> Provided records
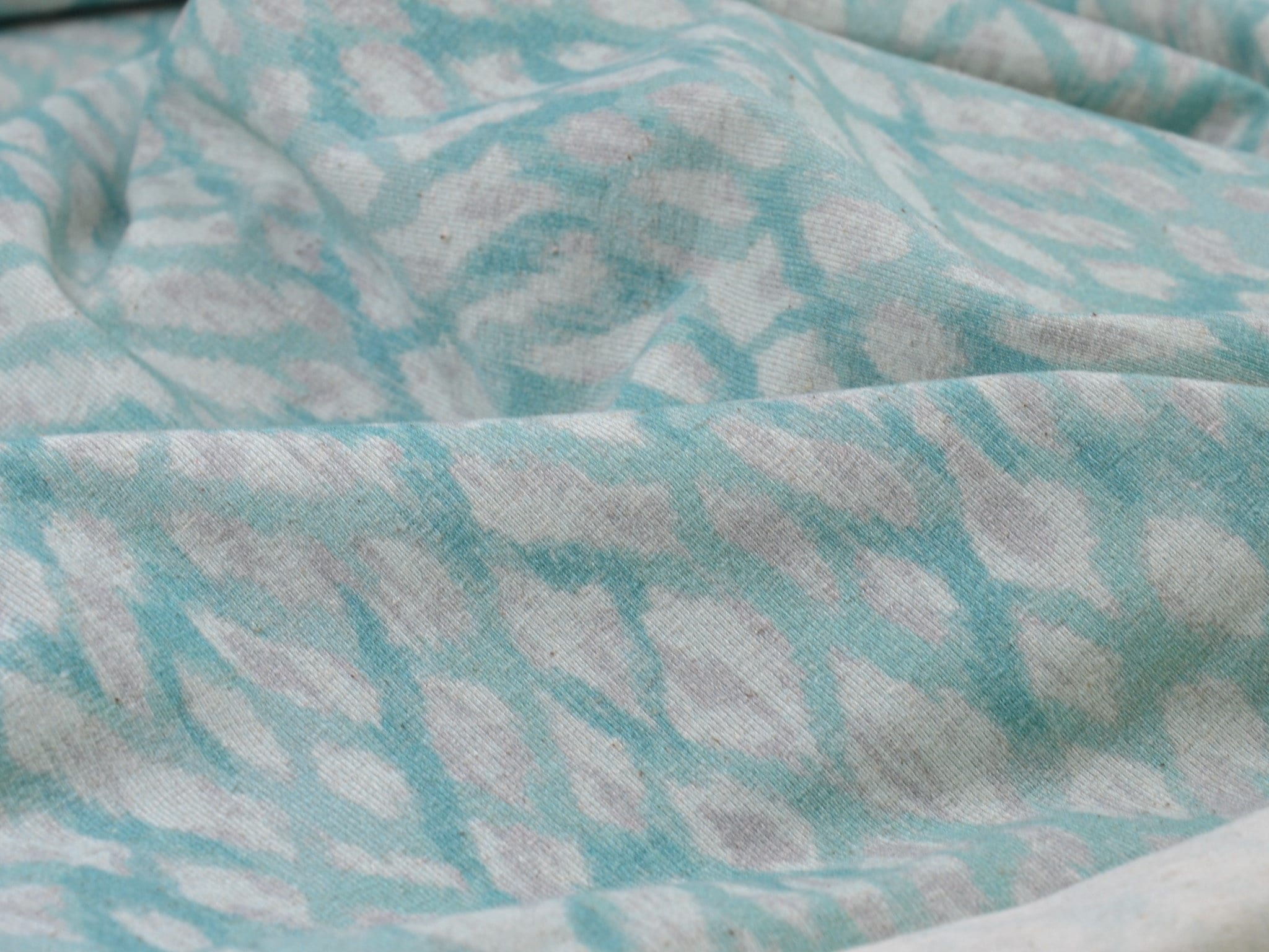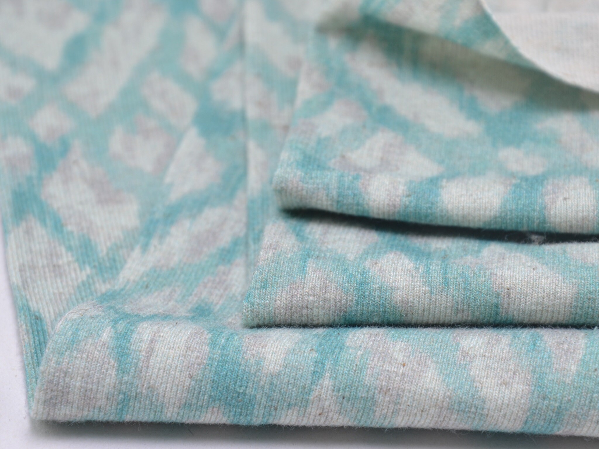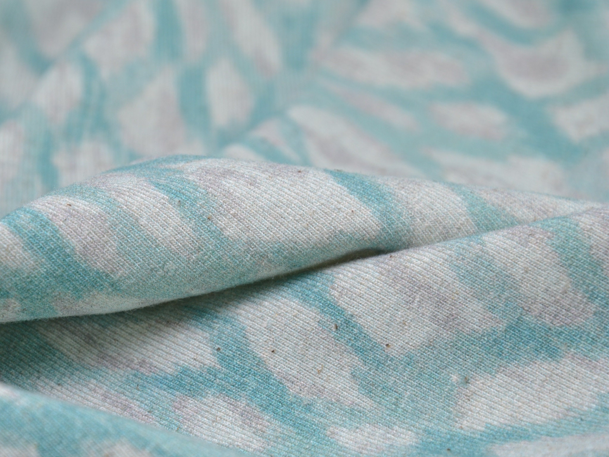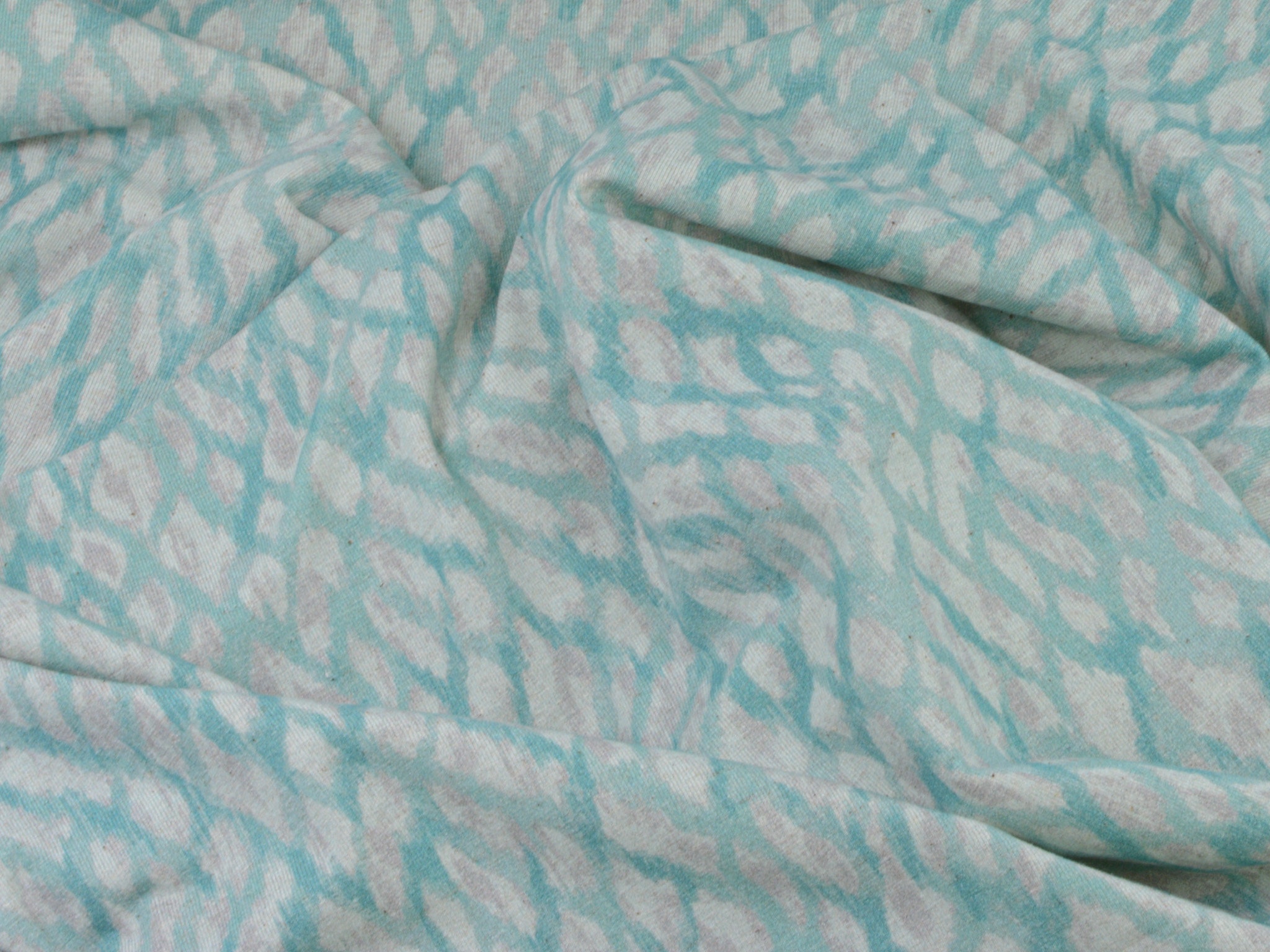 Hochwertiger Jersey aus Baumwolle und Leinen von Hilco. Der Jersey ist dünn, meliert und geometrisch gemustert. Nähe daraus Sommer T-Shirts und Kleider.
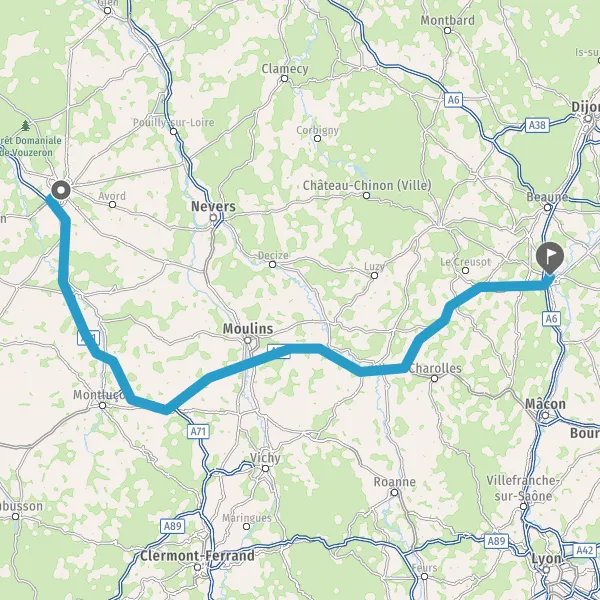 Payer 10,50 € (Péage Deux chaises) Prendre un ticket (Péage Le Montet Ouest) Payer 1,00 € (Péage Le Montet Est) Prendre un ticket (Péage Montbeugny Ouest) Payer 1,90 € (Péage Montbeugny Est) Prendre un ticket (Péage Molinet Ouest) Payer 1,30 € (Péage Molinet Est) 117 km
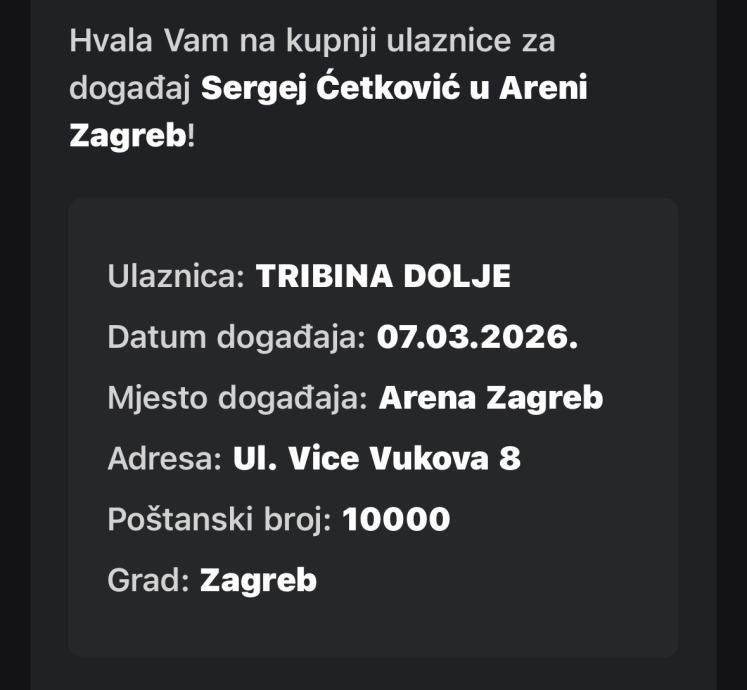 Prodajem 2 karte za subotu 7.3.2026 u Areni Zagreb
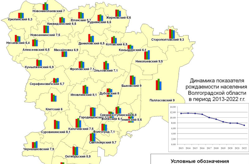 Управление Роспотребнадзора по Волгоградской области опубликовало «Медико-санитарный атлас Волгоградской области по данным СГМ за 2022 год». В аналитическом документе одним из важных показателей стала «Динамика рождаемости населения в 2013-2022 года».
---
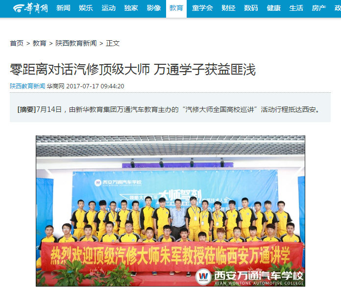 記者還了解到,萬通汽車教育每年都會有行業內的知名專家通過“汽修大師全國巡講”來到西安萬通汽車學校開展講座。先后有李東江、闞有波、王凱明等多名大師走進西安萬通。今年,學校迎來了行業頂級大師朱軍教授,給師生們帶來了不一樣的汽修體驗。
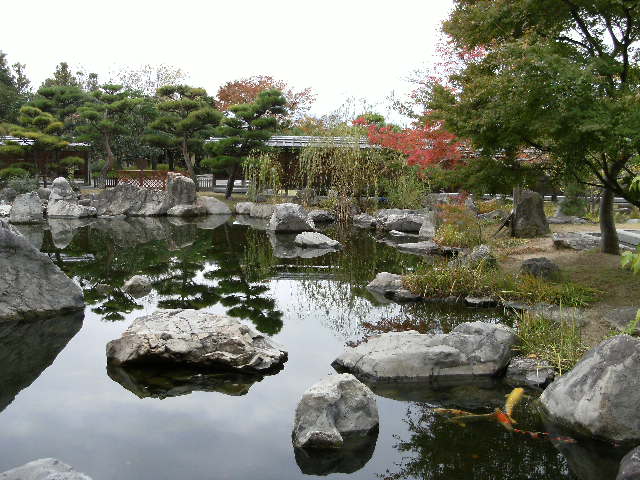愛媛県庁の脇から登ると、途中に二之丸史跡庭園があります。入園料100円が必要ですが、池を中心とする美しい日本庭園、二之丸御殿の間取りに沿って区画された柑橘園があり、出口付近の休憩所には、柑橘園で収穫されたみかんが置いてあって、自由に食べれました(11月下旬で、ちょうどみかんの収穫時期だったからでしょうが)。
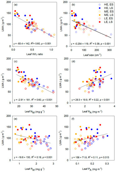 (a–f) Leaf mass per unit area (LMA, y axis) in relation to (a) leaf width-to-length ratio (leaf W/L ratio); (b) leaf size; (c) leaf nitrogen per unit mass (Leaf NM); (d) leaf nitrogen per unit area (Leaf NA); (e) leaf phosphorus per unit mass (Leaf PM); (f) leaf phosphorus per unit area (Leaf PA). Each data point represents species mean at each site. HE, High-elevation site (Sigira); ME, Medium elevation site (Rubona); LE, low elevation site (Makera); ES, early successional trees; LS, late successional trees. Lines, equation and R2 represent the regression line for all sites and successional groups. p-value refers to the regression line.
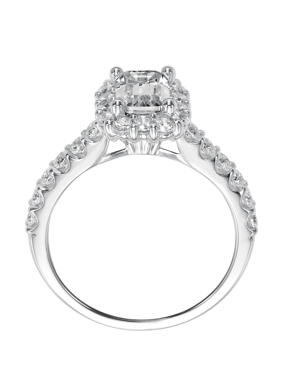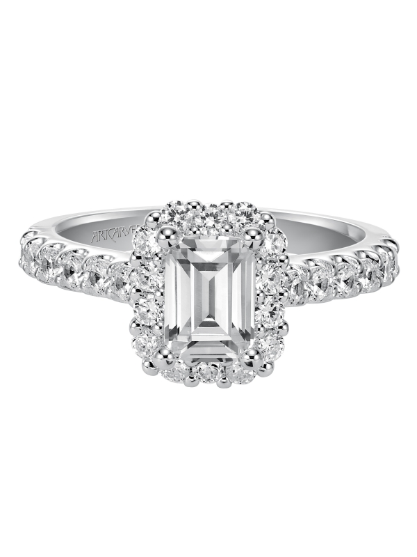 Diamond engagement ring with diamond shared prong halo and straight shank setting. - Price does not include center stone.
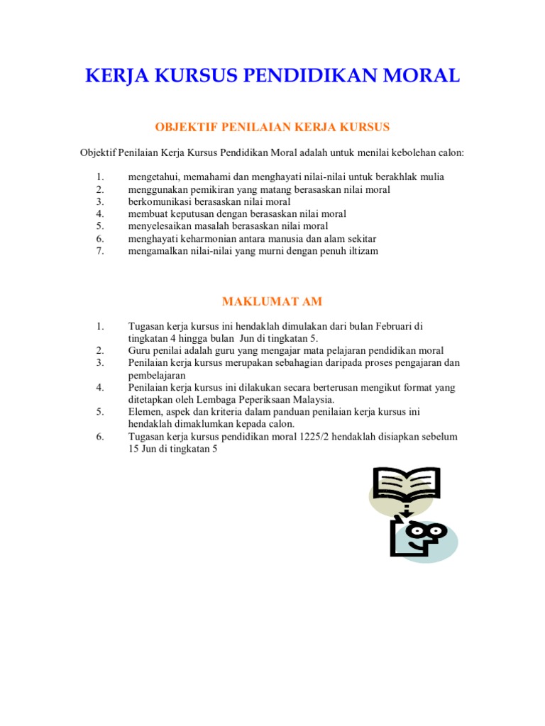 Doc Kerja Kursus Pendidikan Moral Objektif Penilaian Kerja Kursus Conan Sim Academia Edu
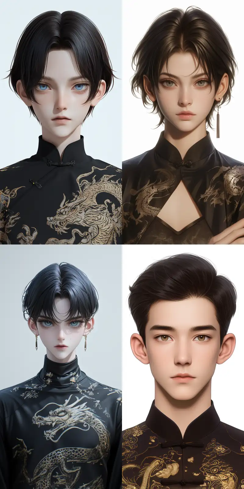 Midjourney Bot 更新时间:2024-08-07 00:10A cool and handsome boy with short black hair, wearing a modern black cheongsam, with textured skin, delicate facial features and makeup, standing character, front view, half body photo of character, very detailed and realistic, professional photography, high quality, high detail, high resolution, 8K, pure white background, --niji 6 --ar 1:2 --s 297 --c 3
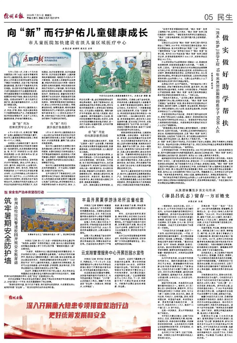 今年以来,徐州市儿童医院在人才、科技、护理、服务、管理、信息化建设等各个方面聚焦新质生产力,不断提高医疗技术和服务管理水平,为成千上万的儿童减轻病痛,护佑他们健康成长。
--
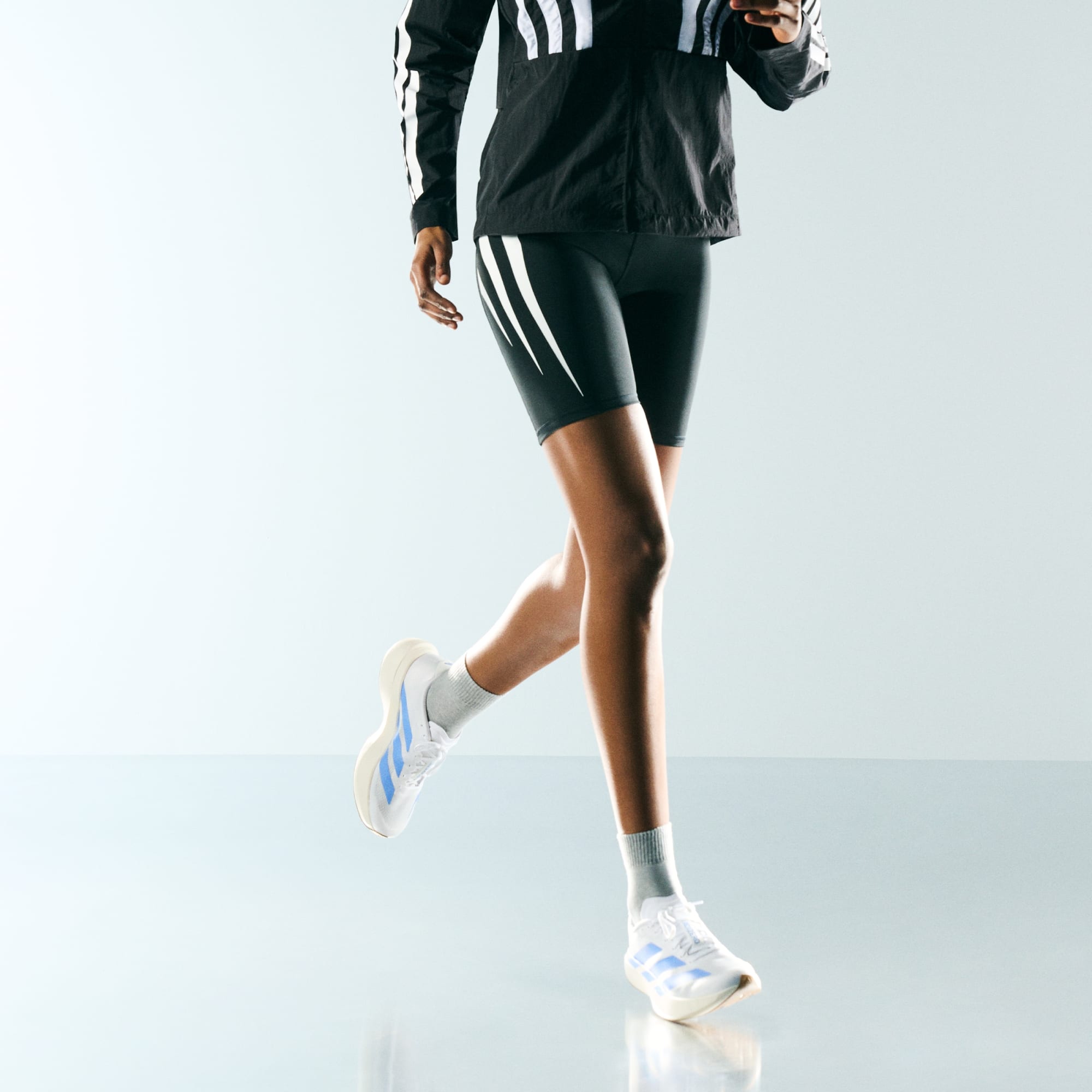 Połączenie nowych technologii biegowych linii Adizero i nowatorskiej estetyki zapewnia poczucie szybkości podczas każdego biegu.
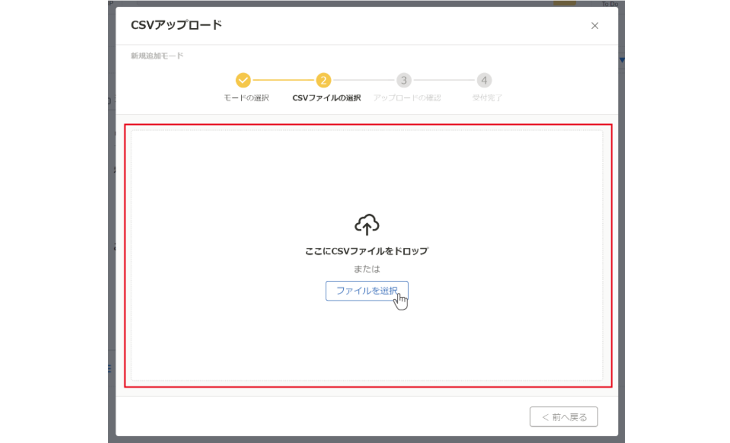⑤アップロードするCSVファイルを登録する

> What is needed
Each line above from the one containing "記者還了解到,萬通汽車教育每" through the one containing "愛媛県庁の脇から登ると、途中" is to be returned verbatim. Nothing else, and no pictures.

> Completed exercise
 記者還了解到,萬通汽車教育每年都會有行業內的知名專家通過“汽修大師全國巡講”來到西安萬通汽車學校開展講座。先后有李東江、闞有波、王凱明等多名大師走進西安萬通。今年,學校迎來了行業頂級大師朱軍教授,給師生們帶來了不一樣的汽修體驗。
愛媛県庁の脇から登ると、途中に二之丸史跡庭園があります。入園料100円が必要ですが、池を中心とする美しい日本庭園、二之丸御殿の間取りに沿って区画された柑橘園があり、出口付近の休憩所には、柑橘園で収穫されたみかんが置いてあって、自由に食べれました(11月下旬で、ちょうどみかんの収穫時期だったからでしょうが)。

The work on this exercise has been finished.